今年もそのつもりで、チョコレート商戦で彩られた街中を、何の気なしに眺めてたんだが。
飲みに誘われたはずがデパートに引っ張りこまれ、柄にもなく真剣にチョコレートを選びはじめた昔馴染みの連中の姿を見て。
そういや、オレにも関係のある行事になったんだっけかと独り言ちる。
安価で可愛らしい子供向けから、ちょいと手の出ないような高級品まで。
多種多様なチョコレートが飾られた特設コーナーを、大の男が四人並んで彷徨く様は、端から見たら異様なんじゃなかろうかと思ったものの。
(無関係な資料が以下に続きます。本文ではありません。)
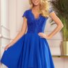 Exclusive asymmetrical dress with a longer back, short sleeves, neckline and cornflower-colored lace. The skirt with a longer back will be perfect for dancing. Made in Poland. The Numoco brand.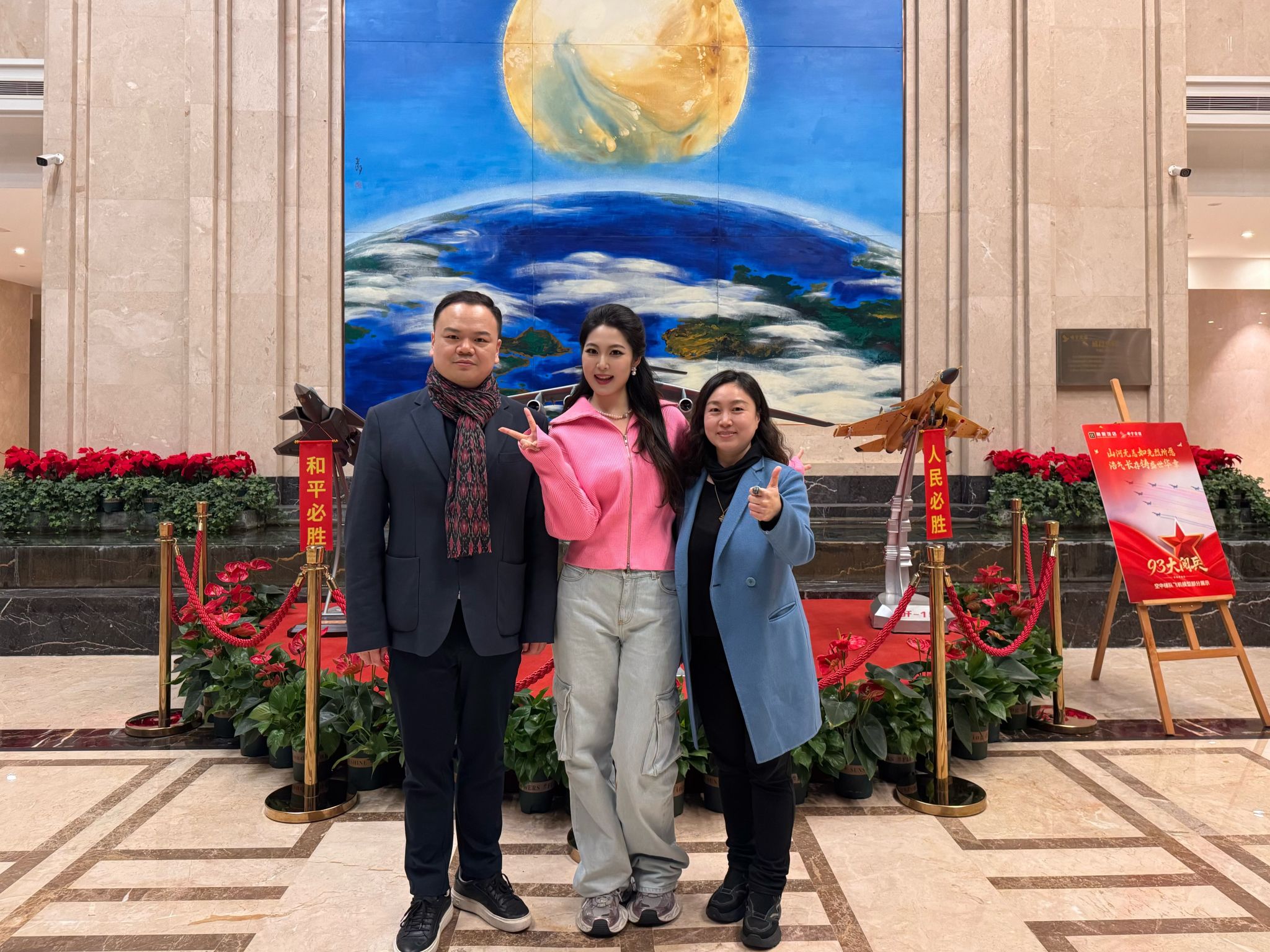 获奖学生吴思勉(中)赛后与指导教师谢天教授(左)、艺术指导陈曦副教授(右)合影留念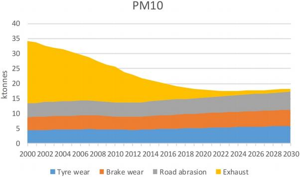随着排放法规的实施和电动汽车的引入,过去二十年来,细颗粒物 PM10 和PM2.5(分别小于 10 微米和 2.5 微米) 的尾气排放已显著下降。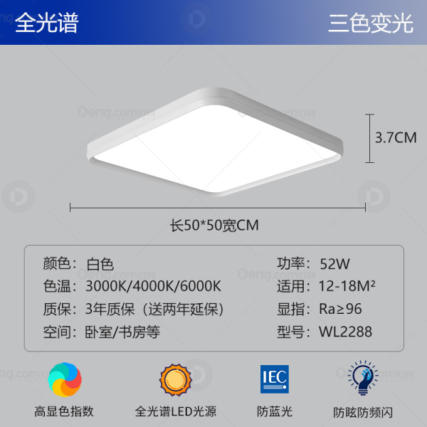 胜腾·家居照明铁艺书房/卧室喷漆磨砂其他吸顶灯 型号:E-WL2288-500*500-白色-三色调光

真剣な顔をしてチョコレートを見ている悪友どもに突っ込むのも憚られて、華やいでいる売り場へと視線を流す。
たかがチョコレート。
されどチョコレート。
チョコレートひとつで何がどう変わるのか不思議でしょうがねえ。
なんてことを、以前のオレなら思ったまんま、そう口に出して言っていただろう。
だがいまは、小鳥遊のお陰で、大事なのはチョコレートそのものではなく、お互いへ向ける想いの程を確認することなのだと理解している。
ああでもないこうでもないと、雁首付き合わせてチョコレートを選ぶ昔馴染みどもを笑う気にもなれず。
かといって混ざりに行くほどの興味もなく。
ひとりふらりと場を離れ、フロアを順繰りに見てまわる。
靴やらアクセサリーやら鞄やら。
どうやらバレンタイン商戦とやらは、身につけるモノにまで展開されているらしい。
ハートマークの飛び交うフロアを、あちらこちらと冷やかしつつ、ぐるりとまわる。
小さなチョコレート一粒の値段にしちゃあ高価なソレを、真剣な顔をして選ぶ若い娘っ子もいりゃあ、小遣いを握りしめてオモチャみてえなチョコレートを見比べている子供もいて。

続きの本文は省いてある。